Question

A point object is kept 10 cm away from one of the surfaces of a thick double convex lens of refractive index 1.5 and radii of curvature 10 cm and 8 cm . Determine Focal length.​

Answer 1

Solution :

As per the given data ,

• Image distance ( u) = - 10 cm
• Refractive index of the lens (μ) = 1.5
• R 1 = 10 cm
• R 2 = - 8 cm

Note : Distances are always measured from the optical center of the lens .

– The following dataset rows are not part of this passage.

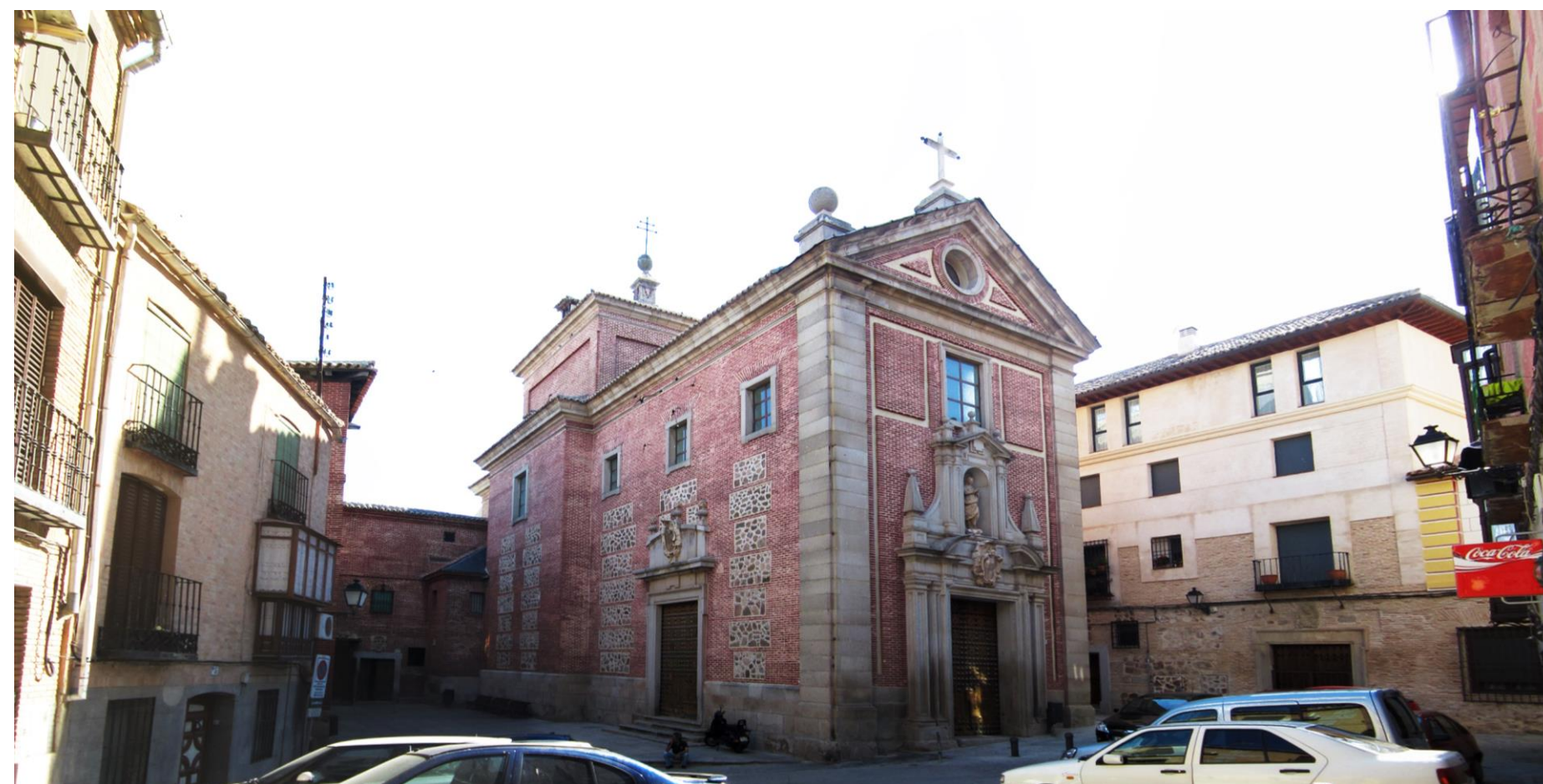
VISTA DESDE PLAZA CAPUCHINAS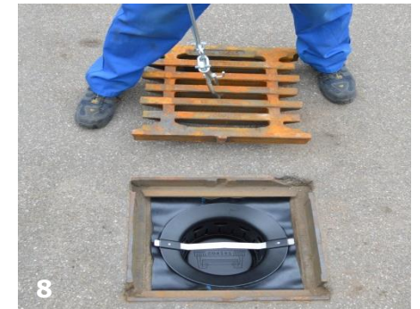
Die flexible coalsi® Dichtung passt sich an jeden Filterrahmen an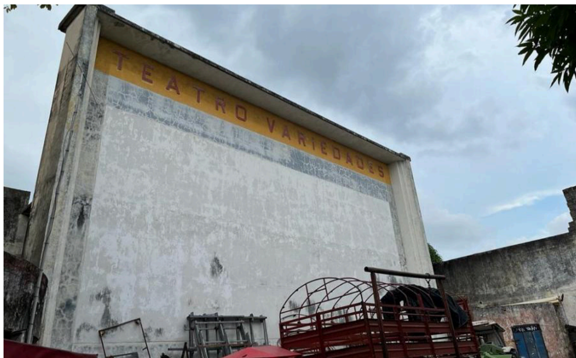
Al Cine Variedades (lo llamábamos teatro) para ver las películas que allí se exhibían.

Pero además de las películas cómicas y de muchísimas dramáticas y de vaqueros, nos deleitaban las bailarinas famosas de la época: María Antonieta Pons, Ninón Sevilla, 'Tongolele', 'Meche' Barba, Rosa Carmina y Amalia Aguilar, entre otras. Conformaban un verdadero 'ramillete de molinillos humanos' que hacía delirar a los cinéfilos de los años cuarenta hasta principio de los sesenta. ¡Qué recuerdos nos dejaron los cines de Santa Marta! Sobre todo el Variedades, con su clientela fiel, aunque sin remordimientos a la hora de buscar películas de su agrado en las pantallas de La Morita, el Colonial, el Paraíso, el Popular y el Carioca... El teatro Santa Marta -el único que existía en la ciudad- era cosa aparte. Su merecida distinción no se prestaba para que el espectador expresara sus emociones sin ataduras. Era, se decía, 'de caché'. Los cines sin techo desaparecieron para siempre. ¡Es el progreso!, te van a decir.

By using the lens makers formula ,

$\leadsto\mathtt{\dfrac{1}{f} = (n-1) \bigg[ \dfrac{1}{R_1} - \dfrac{1}{R_2}\bigg] }$

$\leadsto\mathtt{\dfrac{1}{f} = (1.5-1) \bigg[ \dfrac{1}{10} + \dfrac{1}{8}\bigg]}$

$\leadsto\mathtt{\dfrac{1}{f} = 0.5 \bigg[ \dfrac{18}{80}\bigg]}$

$\leadsto\mathtt{\dfrac{1}{f} = 0.5 \times 0.225 }$

$\leadsto\mathtt{f = \dfrac{1}{0.1125} }$

$\leadsto\mathtt{f = 8.8 cm }$

The focal length of the object is 8.8 cm .

Additional information :

• The focal length of a convex lens is positive
• The focal length of a concave lens is negative

Lens formula,

• 1 / f = 1 / v - 1/ u

Magnification ,

• m = v / u